What happens though, if the instance has changed, but they just happen to be in the same action group after this change? This is where subgroups come in. By specifying a subgroup (using the scheduleActionsWithSubGroup
method), the instance becomes active within the action group, but it will also keep track of the subgroup.
If the subgroup changes, then the framework will treat the instance as if it had been placed in a new action group. It is important to note though, we only use the subgroup to denote a change if both the current execution and the previous one specified a subgroup.
You might wonder, why bother using a subgroup if you can just add a new action group? Action Groups are static, and have to be define when the Alert Type is defined. Action Subgroups are dynamic, and can be defined on the fly.
This approach enables users to specify actions under specific action groups, but they can't specify actions that are specific to subgroups. As subgroups fall under action groups, we will schedule the actions specified for the action group, but the subgroup allows the AlertType implementer to reuse the same action group for multiple different active subgroups.
There needs to be a way to map alert context into action parameters. For this, we started off by adding template support. Any string within the params
of an alert saved object's actions
will be processed as a template and can inject context or state values.
When an alert instance executes, the first argument is the group
of actions to execute and the second is the context the alert exposes to templates. We iterate through each action params attributes recursively and render templates if they are a string. Templates have access to the following "variables":
context
- provided by context argument of.scheduleActions(...)
and.scheduleActionsWithSubGroup(...)
on an alert instancestate
- the alert instance'sstate
provided by the most recentreplaceState
call on an alert instancealertId
- the id of the alertalertInstanceId
- the alert instance idalertName
- the name of the alertspaceId
- the id of the space the alert exists intags
- the tags set in the alert
The templating engine is mustache. General definition for the mustache variable is a double-brace {{}}. All variables are HTML-escaped by default and if there is a requirement to render unescaped HTML, it should be applied the triple mustache: {{{name}}}
. Also, can be used &
to unescape a variable.
The following code would be within an alert type.
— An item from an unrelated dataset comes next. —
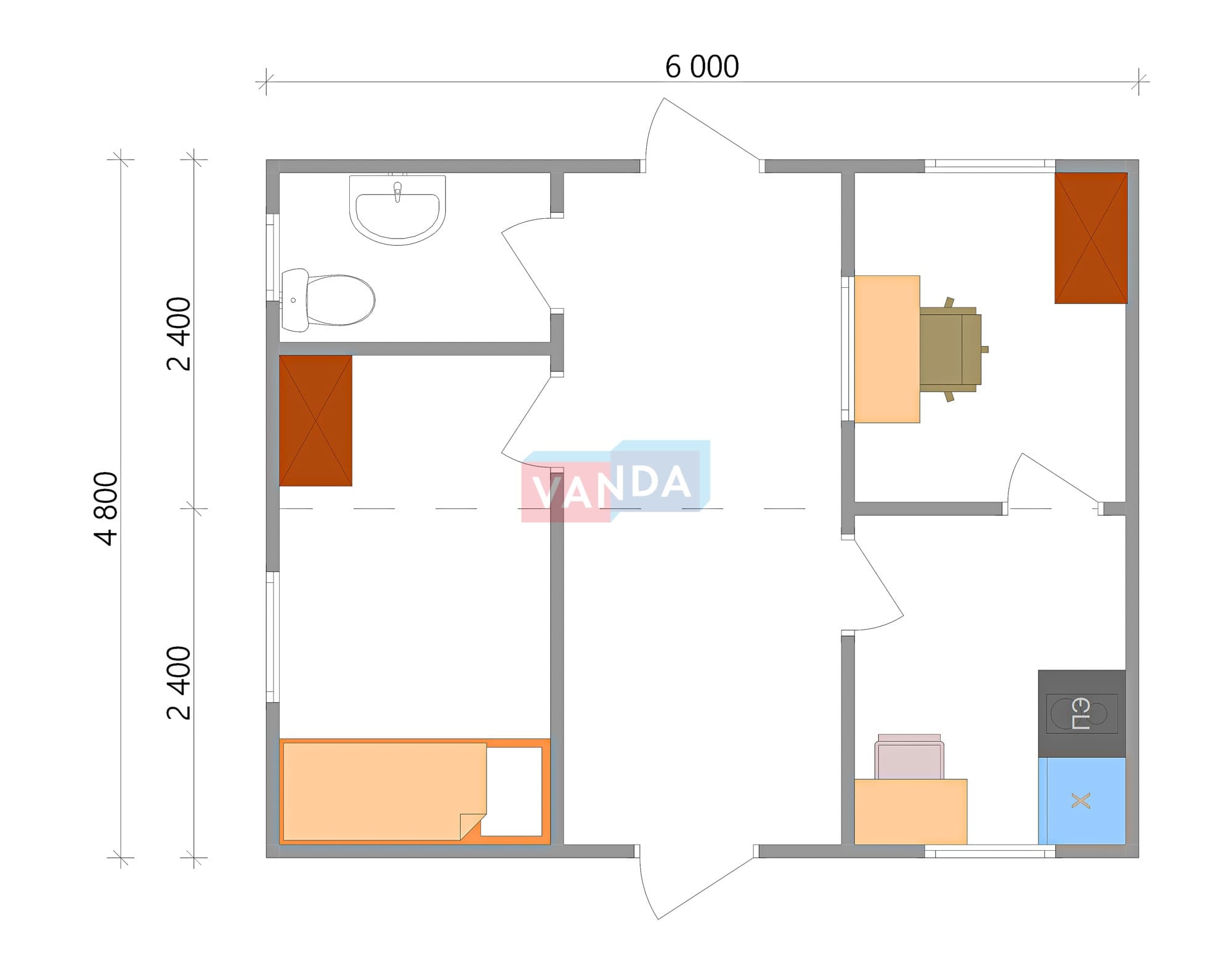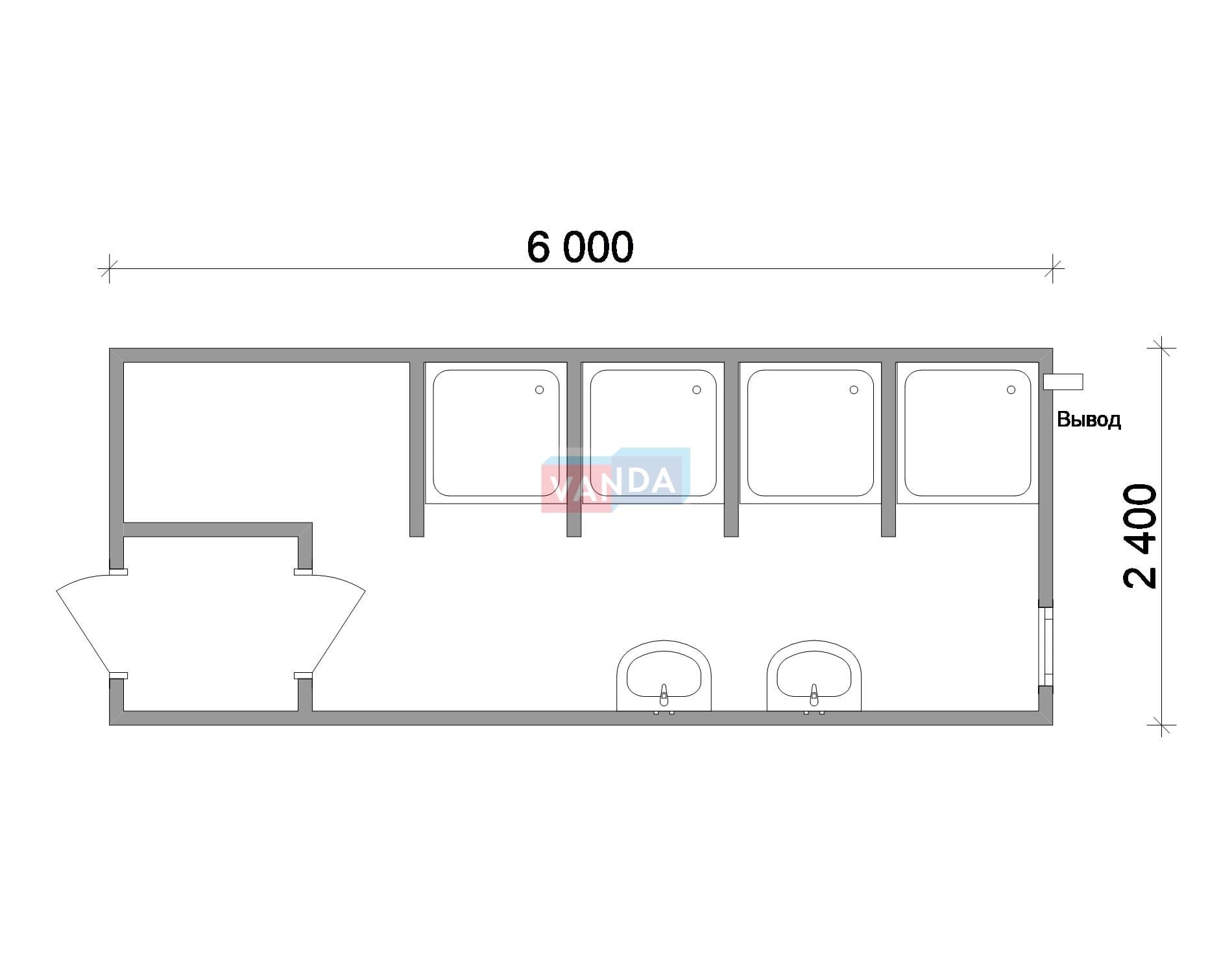 Модульная бытовка с плоской крышей 4.8х6.0 4.8х6.0 28.8 OSB 9 мм. Оцинкованный профлист 500 000 р. Уточняйте у менеджера

As you can see cpuUsage
will replace the state of the alert instance and server
is the context for the alert instance to execute. The difference between the two is cpuUsage
will be accessible at the next execution.
alertInstanceFactory('server_1')
.replaceState({
cpuUsage: 80,
})
.scheduleActions('default', {
server: 'server_1',
});
Below is an example of an alert that takes advantage of templating:
{
...
"id": "123",
"name": "cpu alert",
"actions": [
{
"group": "default",
"id": "3c5b2bd4-5424-4e4b-8cf5-c0a58c762cc5",
"params": {
"from": "example@elastic.co",
"to": ["destination@elastic.co"],
"subject": "A notification about {{context.server}}",
"body": "The server {{context.server}} has a CPU usage of {{state.cpuUsage}}%. This message for {{alertInstanceId}} was created by the alert {{alertId}} {{alertName}}."
}
}
]
}
The templating system will take the alert and alert type as described above and convert the action parameters to the following:
{
"from": "example@elastic.co",
"to": ["destination@elastic.co"],
"subject": "A notification about server_1"
"body": "The server server_1 has a CPU usage of 80%. This message for server_1 was created by the alert 123 cpu alert"
}
There are limitations that we are aware of using only templates, and we are gathering feedback and use cases for these. (for example passing an array of strings to an action).